This feeds into a tf.data.Dataset via from_generator, which requires explicit output signatures - TensorFlow needs to know shapes and dtypes upfront since it can't infer them from a Python generator:

output_signature = (
    tf.TensorSpec(shape=(28, 28, 1), dtype=tf.float32),
    tf.TensorSpec(shape=(130, 3), dtype=tf.float32),
    tf.TensorSpec(shape=(NUM_CLASSES,), dtype=tf.int32),
)

ds = tf.data.Dataset.from_generator(gen, output_signature=output_signature)

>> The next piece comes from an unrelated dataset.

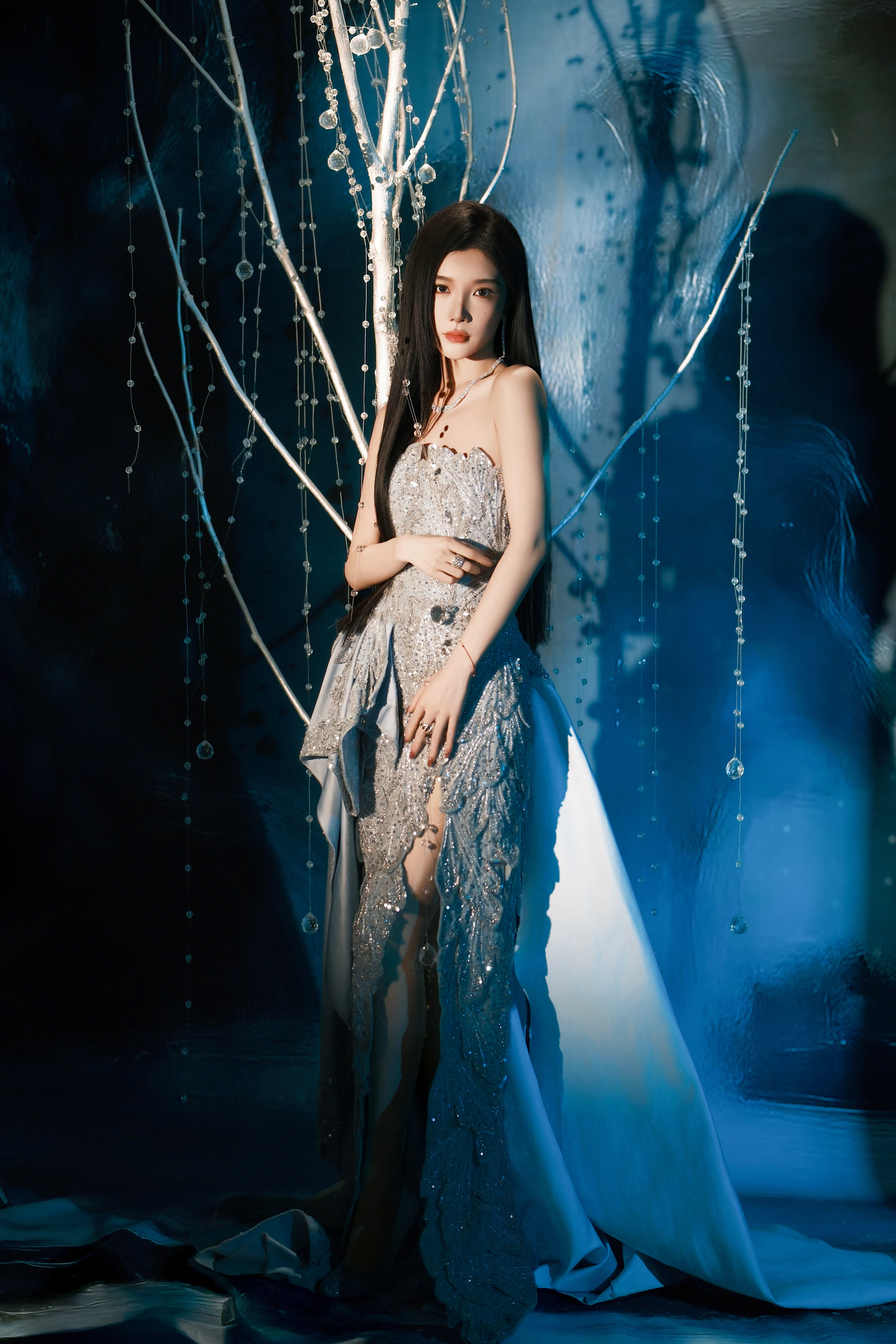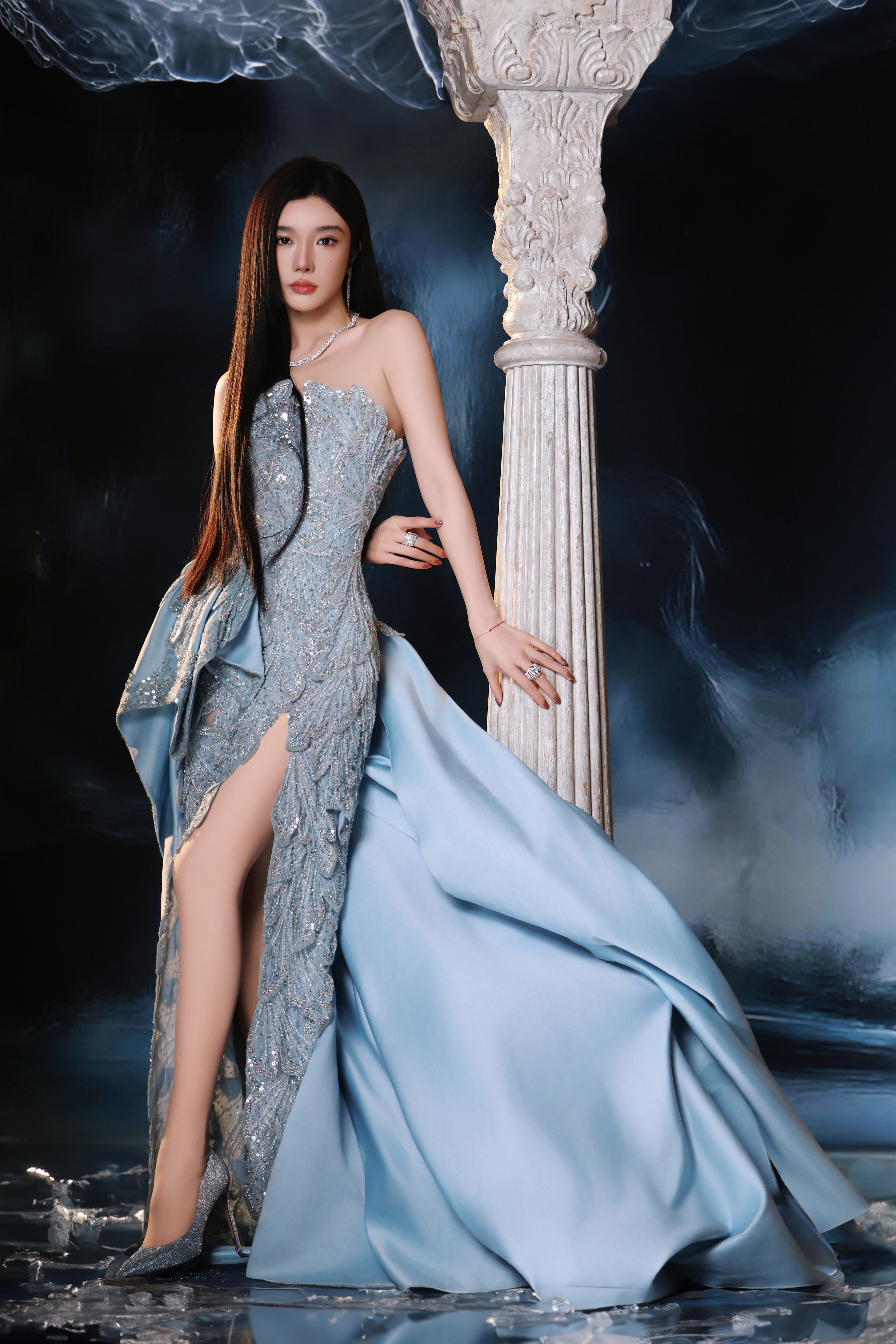 戴燕妮冰蓝色刺绣碎钻礼裙 戴燕妮身穿TonyWard 2025秋冬定制系列蓝色礼服亮相搜狐时尚盛典,重工亮片+高开叉设计加持整个人性感明媚,搭配黑长直造型整体高级干练气场全开😎搜狐时尚盛典
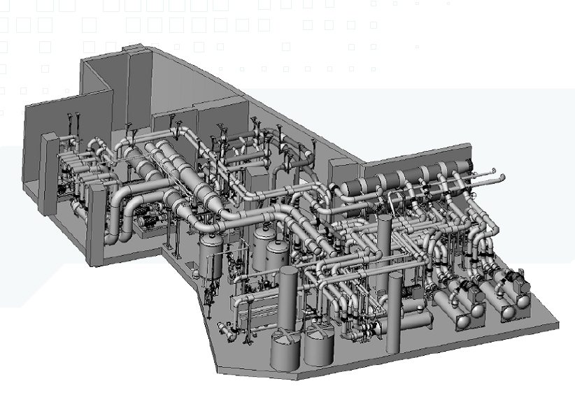 Рис.4. 3D-модель и подготовка трубной обвязки на заводе «ОМП-Инжиниринг»

The full pipeline adds shuffling (shuffles a buffer of 10× the batch size rather than the entire dataset), repeating, batching at 512, and prefetching:

def build_dataset(images, strokes, labels, is_shuffle=False):
    ds = tf.data.Dataset.from_generator(gen, output_signature=output_signature)
    if is_shuffle:
        ds = ds.shuffle(BATCH_SIZE * 10)
    ds = ds.repeat()
    ds = ds.map(format_sample, num_parallel_calls=tf.data.AUTOTUNE)
    ds = ds.batch(BATCH_SIZE)
    return ds.prefetch(tf.data.AUTOTUNE)

The format_sample step reformats the yielded tuple into the dictionary format Keras expects for multi-input models:

def format_sample(img, stroke, label):
    return {"stroke_input": stroke, "image_input": img}, label

Shuffling indices, not files, is important here. The file layout on disk stays sequential — images for cat are in one directory, images for airplane in another. The shuffle happens in the data pipeline as it reads, which avoids random I/O seeks across the disk. Sequential reads are substantially faster than random ones, and the OS page cache will warm up the recently accessed files naturally.

Screenshot: htop showing RAM usage during training — relatively flat, not growing with training time

Splitting the Dataset

The split is index-based. We shuffle a global index array once with a fixed seed, then slice it:

indices = np.arange(total)
np.random.seed(42)
np.random.shuffle(indices)

train_end = int(0.8 * total)
val_end = train_end + int(0.1 * total)
train_idx = indices[:train_end]
val_idx = indices[train_end:val_end]
test_idx = indices[val_end:]

The 80/10/10 ratio applies across all classes since the indexing step already interleaved everything. There’s no risk of a class being entirely in the training set and absent from validation.

Validation and test datasets use .take() to consume a fixed number of batches - computed from the split sizes - since the generator repeats indefinitely:

val_ds = build_dataset(
            val_images, val_strokes, val_labels
          ).take(math.ceil(len(val_labels) / BATCH_SIZE))
test_ds = build_dataset(
            test_images, test_strokes, test_labels
          ).take(math.ceil(len(test_labels) / BATCH_SIZE))

What Went Wrong Along the Way

File count. The processed dataset ends up with roughly 345 × 30,000 × 2 = 20.7 million files. Some filesystems handle this poorly. If you're on a filesystem with inode limits or slow directory listing (common with some HPC storage systems), the sorted(glob(...)) calls at index time can take several minutes. Structured subdirectories (one per class) help, but it's still a lot of files.

Index alignment. The global index scheme — where file names reflect position across all classes, not within a class — exists entirely to prevent a specific bug. An earlier version used per-class indices, which caused a silent alignment failure: image cat/000001.npy and stroke cat/000001.npy were always aligned, but after shuffling, the code was pulling from globally-indexed lists and the class-local numbering didn't correspond. The {idx:06d} naming ensures that whatever index you retrieve from the lists, the image and stroke file names will match.

Training on a remote server with an unstable SSH connection. The training history in the notebook has a gap. BackupAndRestore meant the model weights survived; the history object didn't. TensorBoard logs were the fallback, and the actual metrics are there - the notebook's loss and accuracy plots just show what was available from the Python history object after reconnecting. If you're doing long training runs remotely, save the history separately and frequently, not just at the end.

Memory growth with TensorFlow’s GPU allocator. By default, TensorFlow pre-allocates the entire GPU memory. For a machine shared with other users, or one running other processes, this is a problem. The fix is:

for gpu in gpus:
    tf.config.experimental.set_memory_growth(gpu, True)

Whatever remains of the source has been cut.